Beim eigentlichen ASP ist der Dienstleister (oder eine Allianz aus mehreren Dienstleistern ) für die gesamte Gestaltung und den Betrieb der Anwendung verantwortlich. Er stellt nicht nur die Hardware und das Netzwerk, sondern implementiert auch die Applikation und erwirbt die notwendigen Lizenzen. Der Kunde bezieht die Anwendung - inklusive aller vereinbarten Leistungen des Providers —über eine Netzanbindung.

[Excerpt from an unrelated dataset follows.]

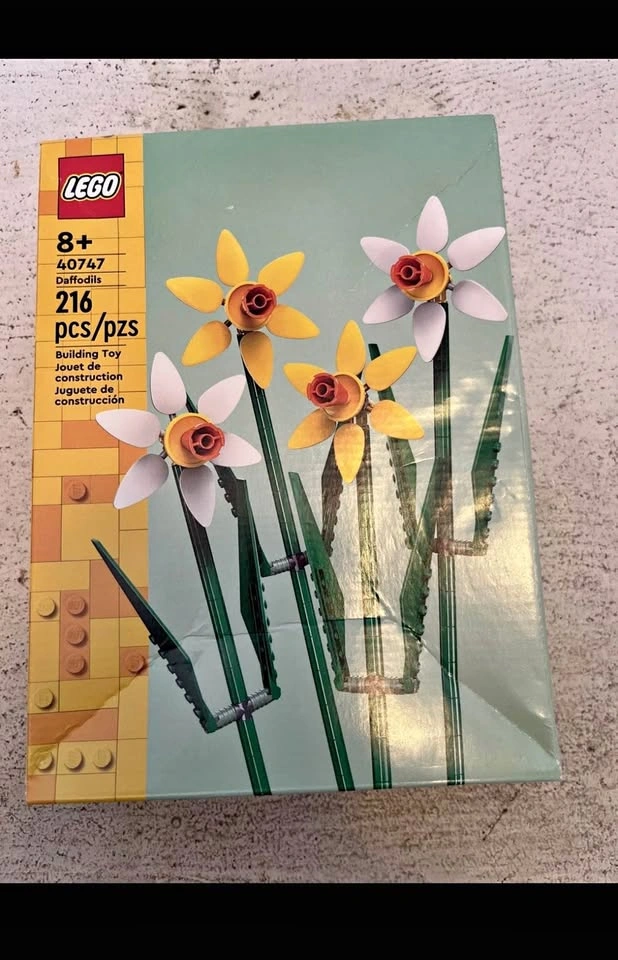 Brand New In Box, Unopened, Factory Sealed. Box has retail shelf wear. Comes as shown. Retails for $19.87 + taxes. Great Seller Rating. Adult Collector. SF/PF home. FCFS PICK UP ONLY Contact to arrange pick up in the Riverbend area on Beeston Drive. Iāll give house number when you msg you are on the way to pick up. Give spring flowers that will last forever with this LEGO Daffodils (40747) celebration gift. Featuring 4 yellow and white pastel-colored blooms, this set is perfect for kids, boys and girls aged 8 and up, as well as adult flower fans. These make a great birthday, Mother's Day, Easter, or just because - gift! The buildable posy includes 2 yellow daffodils and 2 white daffodils, each with green stems and adjustable leaves to encourage customization. Once complete, they can be displayed as room decor on their own or combined with other LEGO flowers (sold separately) to create a larger, more colorful bouquet. Contains 216 pieces. Each daffodil stem measures over 11 in. (30 cm) tall.

Wichtig für den Erfolg eines ASP-Projektes wird sein, ob der Anwender hinreichend Unterstützung vom ASP erhält und diese Leistung letztlich auch einfordern kann. Dabei gilt, je weniger Rechtssicherheit existiert , insbesondere wegen fehlender gefestigter Rechtsprechung, desto mehr ist die Vertragsgestaltung gefragt, angemessene und billige Regelungen zu finden. Hier setzen Service Level Agreements (SLAs) an. Der Ausdruck "Service Level Agreement" sagt es schon: Zwischen Dienstleister und Kunde muss ein "agreement", ein Konsens, gefunden werden, der Art und Umfang der wesentlichsten IT-Services definiert. Es gibt dann eine für beide Seiten gültige Zieledefinition, festgemacht an objektiven Leistungsbeschreibungen und Messgrößen. Die SLAs verpflichten dann den ASP, den Service in der festgelegten Qualität zu leisten (z.B. garantierte Verfügbarkeiten, Response Times, maximale Fehlerraten usw.). Aber auch der Kunde ist gefordert. So kann auch er aufgefordert sein, seinen in den SLAs festgelegten Mitwirkungspflichten nachzukommen: Wer beispielsweise selbst vergeblich versucht, ein technisches Problem zu lösen, obwohl er wie vereinbart über den Help Desk gehen könnte, kann den ASP insoweit nicht zur Verantwortung ziehen, als etwaige Schäden auf der Verletzung dieser Mitwirkungspflicht beruhen.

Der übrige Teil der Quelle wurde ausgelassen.